Читаем Талант (Жизнь Бережкова) полностью

— «Нежному поклоннику…» Жаль, что у меня давно ничего не было в печати. Я написал бы ему: «Милой лисичке Августу Ивановичу Шелесту». С удовольствием провел бы с ним вечерок, посидели бы, пофилософствовали… Разносная статья о его книге? Любопытно…

— Сейчас я вам найду.

Бережков потянул к себе тяжелый том и… И последовал именно тот эффект, что предсказал Шелест. Под журналом лежали альбомы. Их увидел Любарский.

— Что это? Французы? — Он сразу взял альбомы в руки и расположился поудобнее на диване. — Где вы достали?

— У Августа Ивановича. Выпросил себе в дорогу, чтобы поглядеть в поезде для развлечения.

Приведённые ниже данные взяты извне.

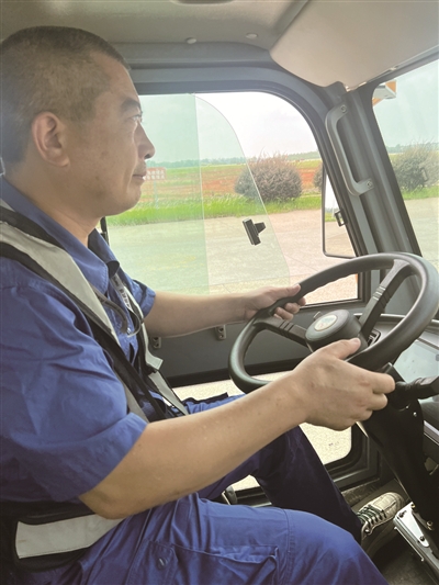 可比起冬天的刺骨严寒,现在的高温酷暑更让他有苦难言。烈日下,机坪表面温度超过50℃,特种车辆驾驶室堪比“大蒸笼”,方向盘晒得完全不能碰,“还不能戴手套,因为会更热。”
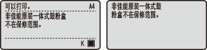 如果显示此消息,可以继续打印,但可能会影响打印质量。否则可能会导致本机损坏。 |
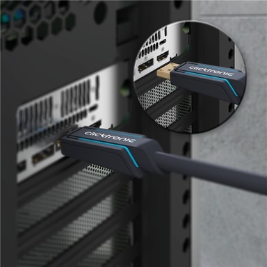 Clicktronic lægger stor vægt på holdbarhed og stabilitet. Vores kvalitetsløfte: 10 års garanti på vores DisplayPort™-kabler. Den proprietære konstruktion af vores forbindelseskabler gør dem ekstremt robuste. Den tredelte stikkonstruktion af PVC- og ABS-komponenter kompenserer for ryk i kablet, hvilket gør det ideelt beskyttet mod kabelbrud. Guldbelagte kontakter af høj kvalitet og rene kobberledere overfører lyd- og videosignaler i maksimal kvalitet for en perfekt hjemmebiograf- og spiloplevelse. Clicktronic DisplayPort™-kablet giver et knivskarpt billede og har en meget hurtig transmissionshastighed.
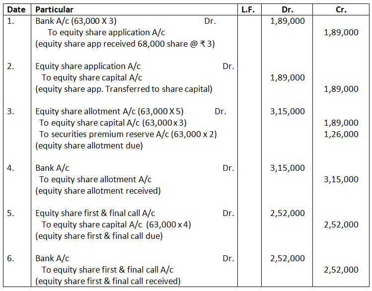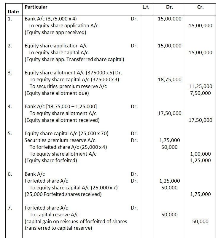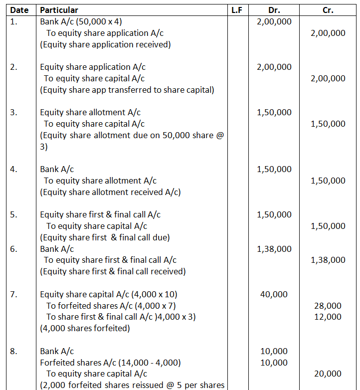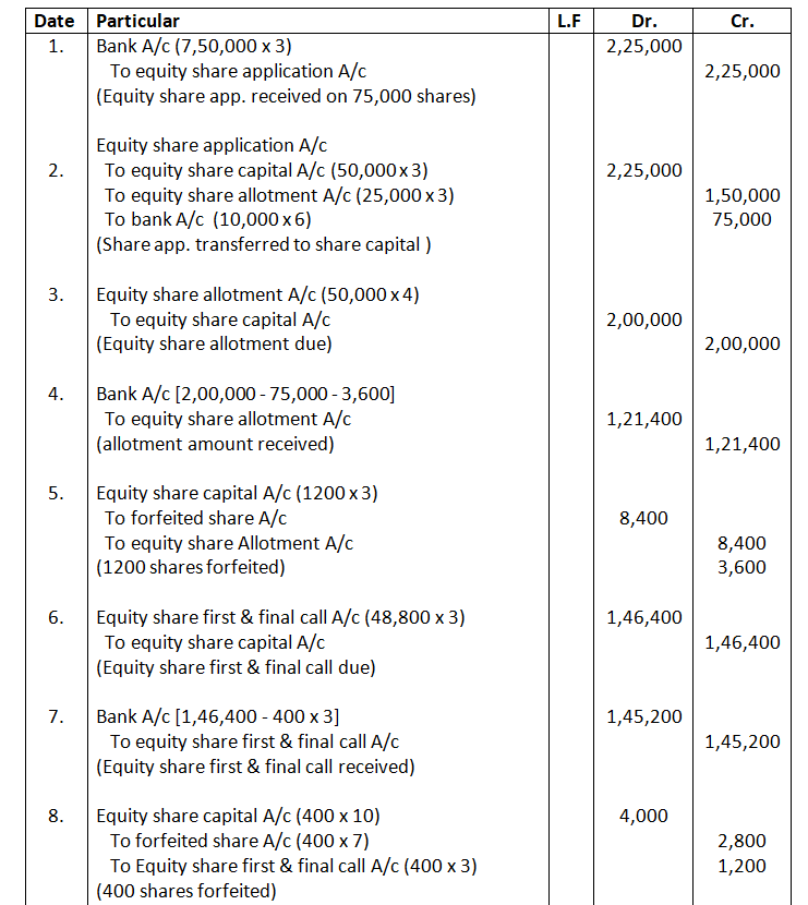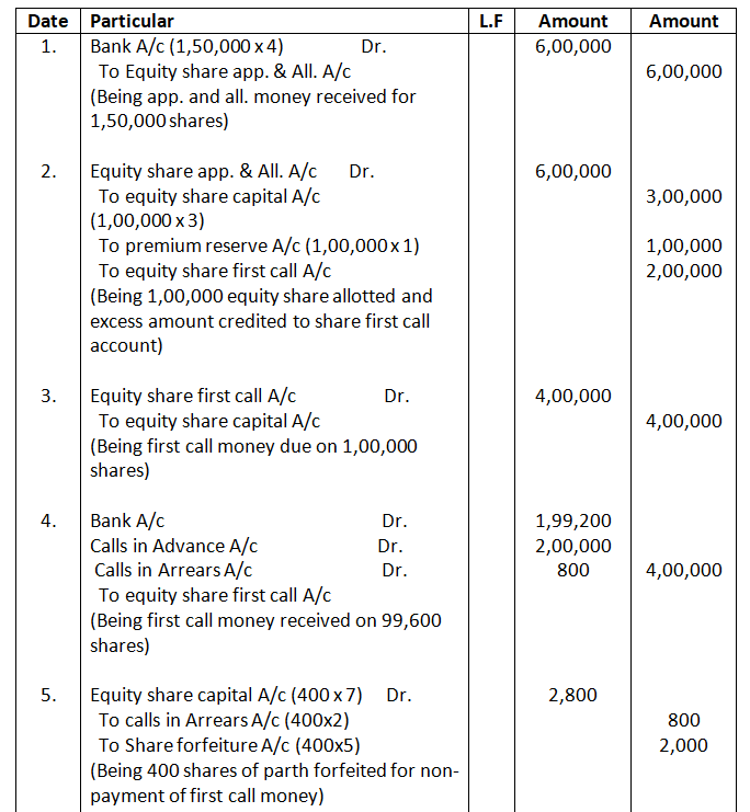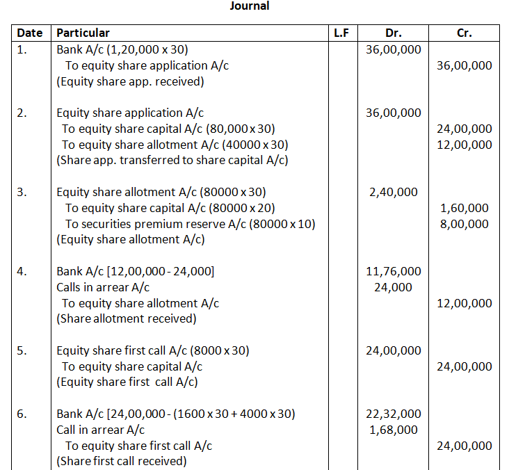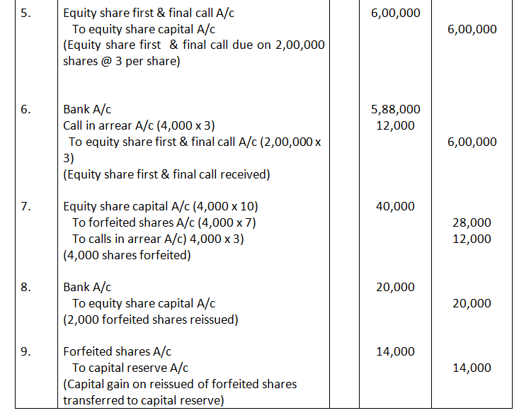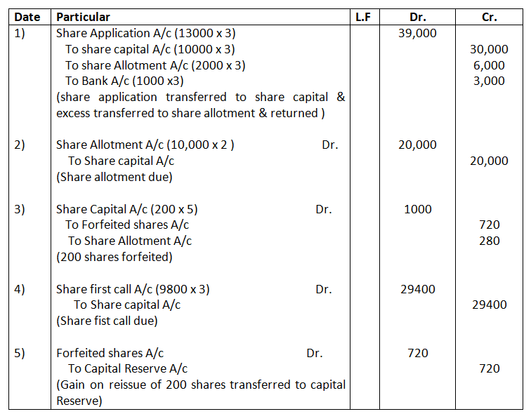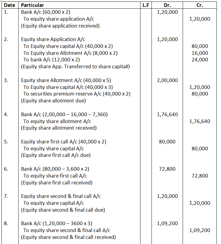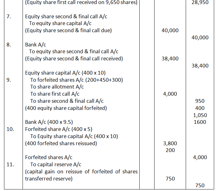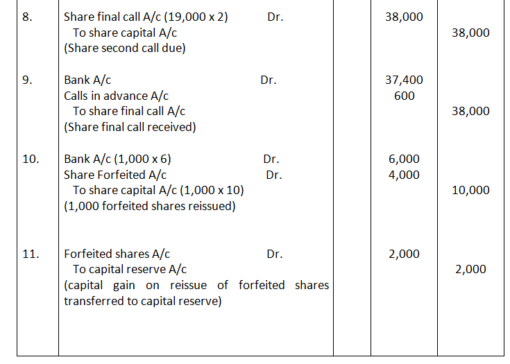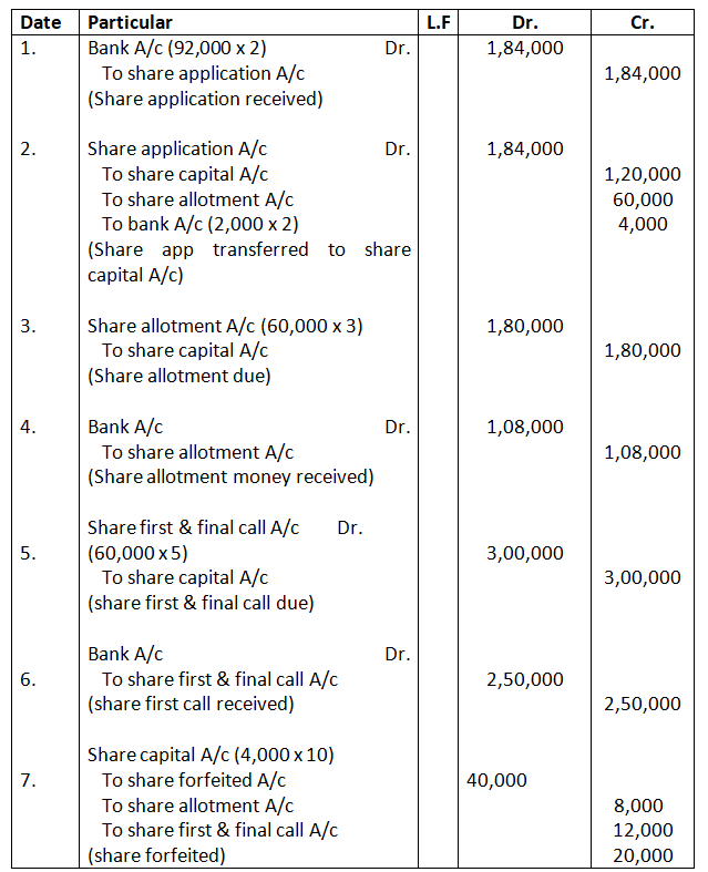 1. 2. 3. 4. 5. 6. 7. 8. 9. | Bank A/c (1,80,000 x 6) To equity share application A/c (Equity share app. received) Equity share application A/c To equity share capital A/c (1,60,000 x 5) To equity share premium reserve (1,60,000 x 1) To equity share allotment A/c (10,000 x 6) To bank A/c (10,000 x 6) (Share app. transferred to share capital A/c) Equity share allotment A/c (1,60,000 x 3) To equity share capital A/c (1,60,000 x 2) To securities premium reserve A/c (1,60,000 x 1) (Equity share allotment due on 1,60,000 shares) Bank A/c [4,80,000 – 60,000 – 8,400] To equity share allotment A/c (Equity Share allotment received) Equity share first & final call A/c (1,60,000 x 4) To equity share capital A/c (1,60,000 x 3) To security premium reserve A/c (1,60,000 x 1) (Equity share first & final call due) Bank A/c [6,40,000 – 3,200 x 4] To equity share first & final call A/c (Equity share first & final call received) Equity share capital A/c (3,200 x 10) Securities premium reserve A/c (3,200 x 2) To forfeited share A/c To equity share allotment A/c To equity share first & final call (3200 x 2) (3200 shares forfeited) Bank A/c To equity share capital A/c (1600 x 10) To securities premium reserve A/c (1,600 forfeited shares reissued) Forfeited shares A/c To capital reserve A/c (Capital gain on reissue of forfeited shares transferred to capital reserve) [ | 10,80,000 10,80,000 4,80,000 4,11,600 6,40,000 6,27,200 32000 6,400 43,000 8,600 | 10,80,000 8,00,000 1,60,000 60,000 60,000 3,20,000 1,60,000 4,11,600 4,80,000 1,60,000 6,27,200 17,200 8,400 12,800 16,000 27,000 8,600 |
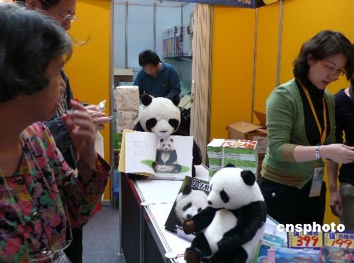 圖為大陸贈臺大熊貓“團團”“圓圓”到臺灣后,熊貓形象成為本屆書展新寵,畫冊、玩偶、游戲等展品琳瑯滿目。中新社發 路梅 攝
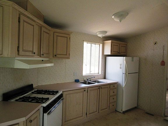 Fixer, Two bedroom 2 bath single wide manufactured home on 5 fenced acres. Master bathroom has large tub/shower with hand rails. Newer, upgraded duel pane windows and kitchen lighting. The home is serviced by metered water, but also has a well that is not metered and a spring near the south east corner of the property. Spacious, detached garage, front porch with south views.

— Боже мой! Поглядеть! В поезде! Для развлечения! — Любарский осторожно переворачивал большие шершавые листы с приклеенными репродукциями, прикрытыми тончайшей папиросной бумагой. — Ах, как переданы краски! В поезде! Варвар! Этим надо упиваться, созерцать… Ведь это художественные откровения, красота отчаяния, повесть нашего века…

— Нашего века?

— Неужели вас это не трогает? Вот, посмотрите… Одинокий пьяница перед пустой рюмкой. Взгляните на его лицо, на эту упавшую руку. Тут и рука говорит о том, что… — Любарский помолчал, не отводя взгляда от листа. — Нет, этого не скажешь словами. Какой мрак! Ничего впереди! Только эта рюмка! Какая страшная повесть о жизни…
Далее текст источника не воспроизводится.